Вообще-то Поляков собирался подать заявление уже после выхода первой книги «Время прибытия». Его хорошо знали, у него было много публикаций в периодике. Но его вызвал Виктор Иванович Кочетков и сказал:
– Юра, тебя, конечно, примут и с одной книгой, но все скажут: это из-за того, что ты наш комсорг. Так что потерпи, пусть будет как у всех.
Юрий взял рекомендации у трёх членов СП СССР – Владимира Соколова, Константина Ваншенкина и Виктора Федотова. Затем ему следовало пройти бюро поэтов, которое в ту пору возглавлял Владимир Цыбин. На бюро, по свидетельству Полякова, постоянно сталкивались интересы двух основных конкурировавших группировок – «почвенников» и «либералов». «Каждая старалась усилить свои ряды новым членом и ослабить противника, забаллотировав ставленника противников. «А как же талант?» – спросите вы. «А когда талант противника был аргументом в литературной борьбе?» – отвечу я вопросом же.
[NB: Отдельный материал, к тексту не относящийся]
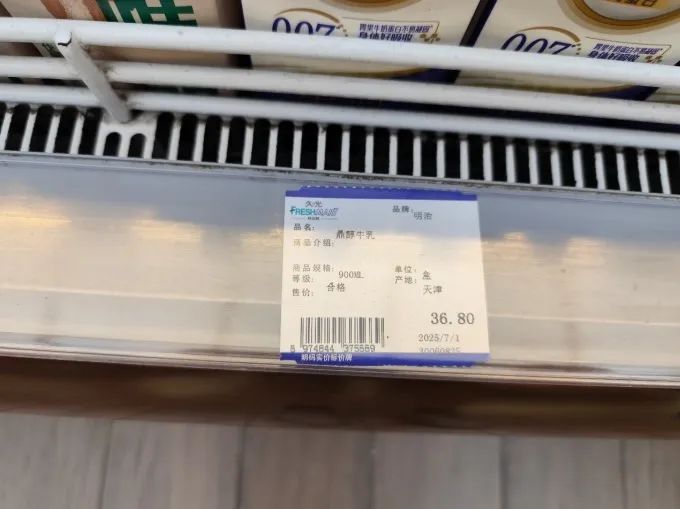 筆者考察這個(gè)生鮮超市的日期是7.13,鮮牛奶顯示的生產(chǎn)日期是7.8,而價(jià)格簽顯示是36.8元/900毫升/盒。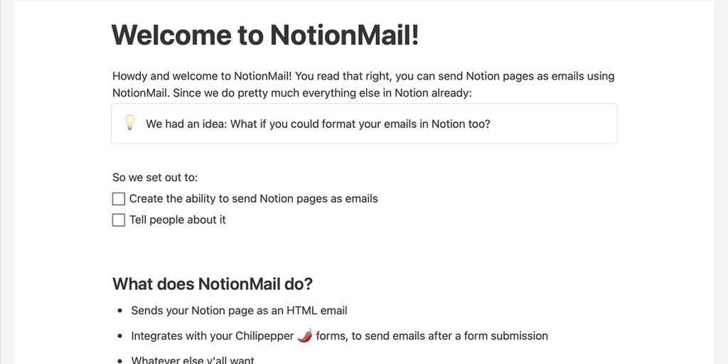 Send Notion pages as Emails ✉️ ⚡ Build your email in Notion with blocks you know 🛠️ Automate with tools like Chilipepper to send emails from form responses 💰 Save over 70% when compared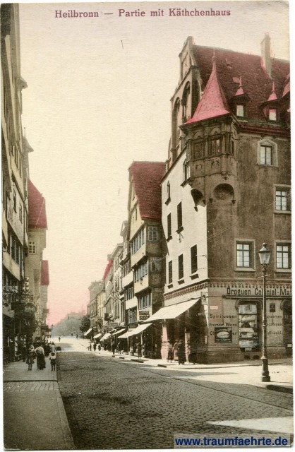 – Details – Jahr: ca. 1920 Status: ungelaufen Beschriftung vorne: Heilbronn – Partie mit Käthchenhaus Beschriftung hinten: Postkarte. Graph. Verl.-Anst. G. m. b. H., Dresden-Blasewitz, 02134 M Stempel: keine Hinweis: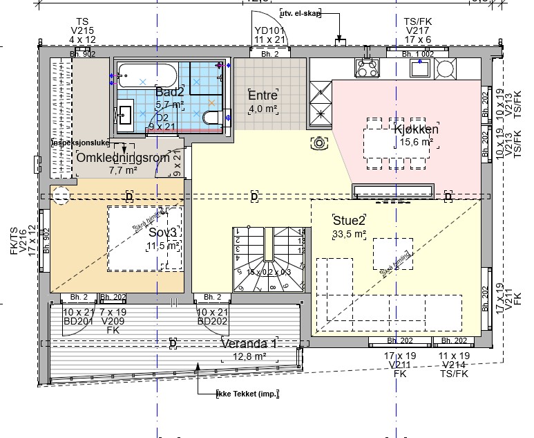 Hovedetasje – stue, kjøkken, bad, entré, veranda

Впрочем, некий «гамбургский счёт» тогда всё-таки существовал, и на явно одарённых неофитах силами мерились редко. О сегодняшней ситуации, когда литературное сообщество разделилось на два изолированных «гетто», старающихся друг друга не замечать, тогда и помыслить не могли».
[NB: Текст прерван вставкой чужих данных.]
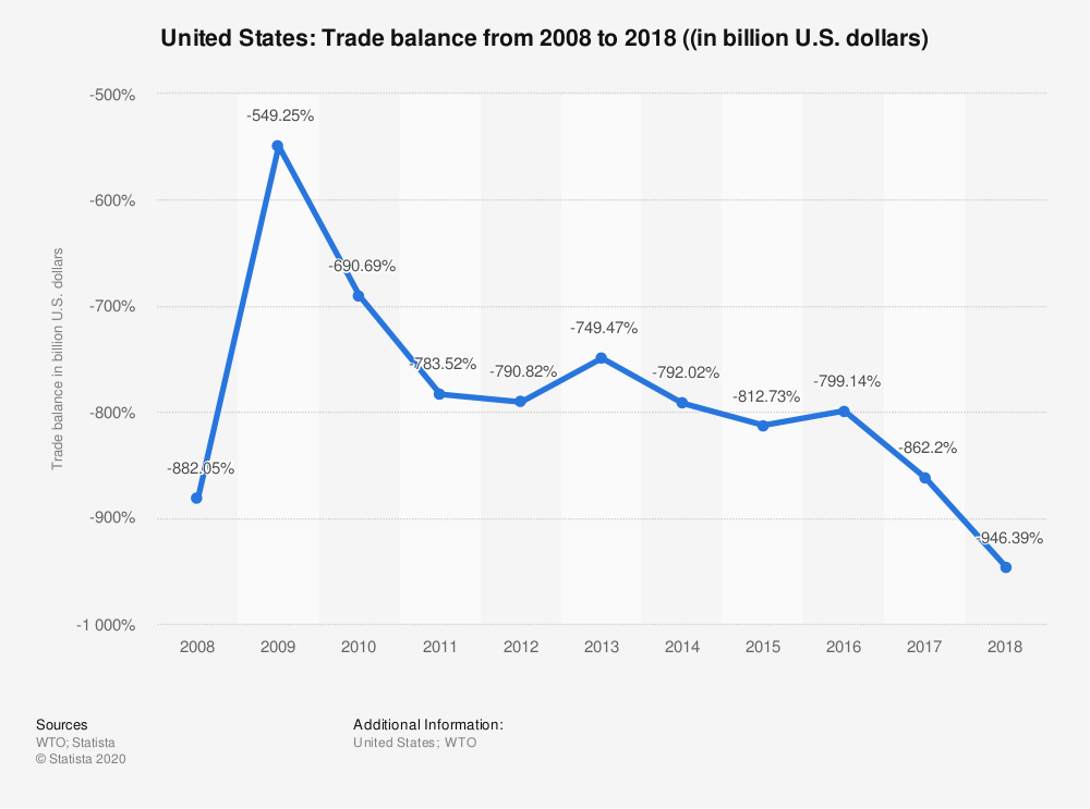The global economy experienced a temporary but relatively strong upturn from 2009 to 2012, followed by a brief interim slump in 2012 and 2013, which was followed by a long-term upturn up to the to the ‚Covid-19 recession‘ since the beginning of this year. The main factors behind this upswing after the ‚Great Recession’ were the uneven development of the world market, with emerging markets being less affected by recession than the developed capitalist centers, the dampening of the effects of the crisis through successful government rescue and economic stimulus programs, which were carried out in a temporary economic policy shift to the Keynesian economic paradigm, and the intervention of central banks. As a result of this renewed economic upturn, world trade recovered relatively quickly and grew again rapidly. As a result, the trade balance of the U.S. economy also fell significantly again from 2009 onwards, until it reached a historic negative value of around 946 trillion U.S. dollar in 2018 (see Fig. 7).

Надо признать, что, прося рекомендации, Юрий учёл это противостояние и заручился поддержкой обоих литературных лагерей. Впрочем, хватило бы и рекомендации Владимира Соколова – его авторитет был непререкаем для всех, ведь неслучайно он написал когда-то:
Нет школ никаких. Только совесть
Да кем-то завещанный дар…
«Мне позвонила Антонина, секретарша первого секретаря СП СССР Маркова, и спросила:
– Заяц, а чего ты свой писательский билет не забираешь? Все давно свои забрали.
– Где?
– У меня, где же ещё!
Через полчаса я с тортом влетел в обширную приёмную и получил краснокожее удостоверение.
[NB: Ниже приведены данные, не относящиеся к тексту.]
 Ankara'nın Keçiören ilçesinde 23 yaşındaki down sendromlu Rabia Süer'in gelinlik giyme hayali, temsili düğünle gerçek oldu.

– А почему подписал Верченко, а не Марков? – огорчился я.
– Георгий Мокеевич в отпуске, роман пишет…
–А-а-а…
– Слушай, заяц, тут из Главпура звонили, на тебя жаловались. Ты чего натворил?
– Повесть написал.
– Ну это ещё ладно… Вон поэт, Вовка Топоров-то, поехал в Таманскую дивизию выступать и так напился, что с танка упал… Поаккуратнее!
Так лет на пять я стал одним из самых молодых бойцов десятитысячного отряда – точнее, дивизии – советских писателей…»
По некоторым данным, отряд был пятнадцатитысячным, но это частности.